NoPermissionError: Authorization failed
at authorizeAdminApi (/var/www/ghost/versions/5.118.1/core/server/services/auth/authorize.js:33:25)
at Layer.handle [as handle_request] (/var/www/ghost/versions/5.118.1/node_modules/express/lib/router/layer.js:95:5)
at next (/var/www/ghost/versions/5.118.1/node_modules/express/lib/router/route.js:149:13)
at authenticate (/var/www/ghost/versions/5.118.1/core/server/services/auth/session/middleware.js:55:13)
at process.processTicksAndRejections (node:internal/process/task_queues:95:5)
[2025-04-28 00:30:28] INFO "GET /ghost/api/admin/site/" 200 3ms
[2025-04-28 00:30:28] INFO "GET /ghost/api/admin/authentication/setup/" 200 18ms
[2025-04-28 00:30:34] WARN Missing mail.from config, falling back to a generated email address. Please update your config file and set a valid from address
[2025-04-28 00:30:34] WARN Missing mail.from config, falling back to a generated email address. Please update your config file and set a valid from address
[2025-04-28 00:31:34] INFO "POST /ghost/api/admin/session" 200 60002ms
What I read from it is that I don’t have email setup in some file? Would it work to just define it there without setting up a mailgun service? I guess if that would be obligatory now on newer versions of ghost, I will set it up eventually.

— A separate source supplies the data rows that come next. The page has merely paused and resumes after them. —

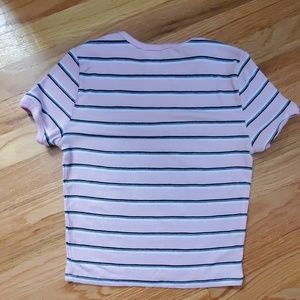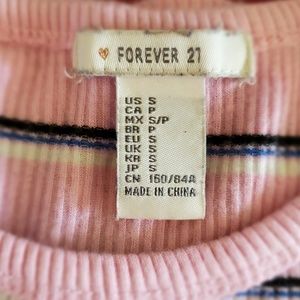 Pink, white & black horizontal stripes donn this super soft Forever 21 knit top. Size - S.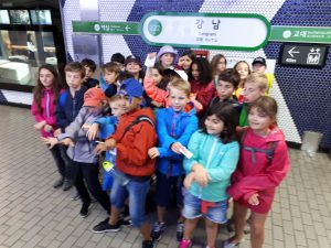 Nous sommes allés au musée des sciences. Nous sommes rentrés dans un planétarium et nous avons vu beaucoup de belles images. Après nous avons vu un spectacle de robots qui dansent. Nous avons vu plusieurs fossiles de dinosaures. Après nous sommes montés sur un train en forme d’éléphant. Pour finir, nous sommes allés à Samsung d’light. Nous avons joué aux jeux vidéo et nous avons essayé plusieurs objets électroniques Samsung. Pour le dîner, nous avons mangé des pizzas.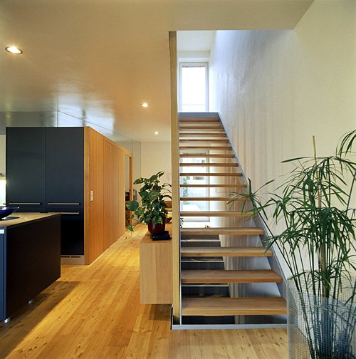 „Es ist alles bis ins kleinste Detail durchdacht, darüber sind wir sehr glücklich“, sagt Annemarie Eder. Sie war eine der ersten Interessentinnen für die neuen Wohnungen. Das Projekt gefiel ihr so gut, dass sie den Innenraum vom Architekten gleich mitplanen ließ. Jungmann arbeitete mit dem Licht: Wie durch ein Prisma fällt es vom Himmel durch die Lärchenstufen in den Vorraum, der schließlich mit grauem Eternit verkleidet ist.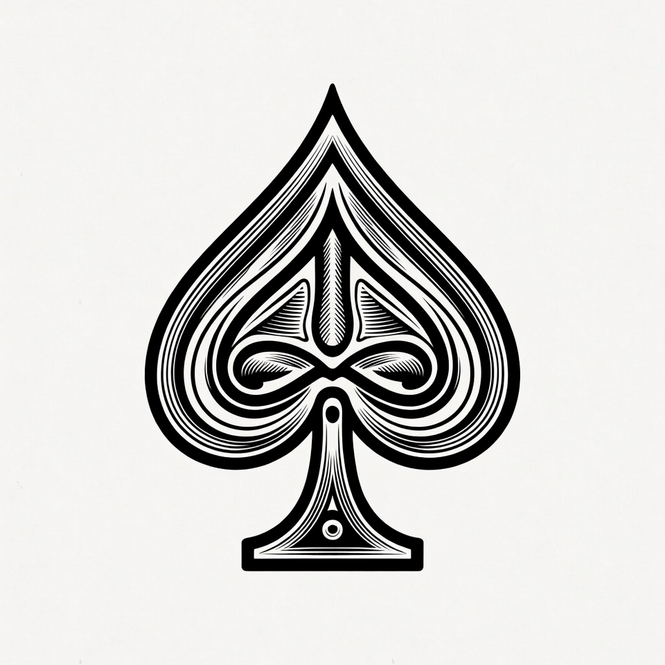 A detailed black spade symbol features intricate line art with swirling patterns and layered contours. The design is rendered in sharp black ink on a white background, emphasizing its bold, symmetrical shape. It resembles a stylized playing card suit with ornate engravings.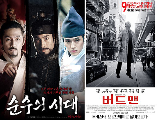 ‘킹스맨’의 압도적인 우세 속에 대체로 외화들이 강세를 보이고 있다. 이런 추세가 언제까지 지속될까. 기대작 ‘순수의 시대’ ‘헬머니’ ‘버드맨’ ‘살인캠프’ 등이 5일 개봉해 주목을 모은다. 12일엔 ‘살인의뢰’ ‘소셜포비아’ 등이 관객들에게 첫 선을 보인다. kwonny@kmib.co.kr

From version 5.118, you need to have transactional email set up so that you can deliver a verification code for admin. It doesn’t have to be mailgun, but you do need /something/ set up for transactional email, which is done in config.production.json.
Thanks, I managed to turn off double verification via email. However, if I would like to use outlook.com mail to receive my temporary codes would it be possible? (I don’t use anywhere the email address based on this domain website and I don’t plan to use newsletter features of ghost.)
I noticed you wrote in this other thread: "It’s possible to send those messages via an existing email provider — you don’t have to set up a whole mail server! :) "
What would I put as service in such case? And for user and password, I would put which credentials (to outlook.com service or my admin into ghost credentials)?
Or Am I getting it completely wrong, and I should just create this mail gun service?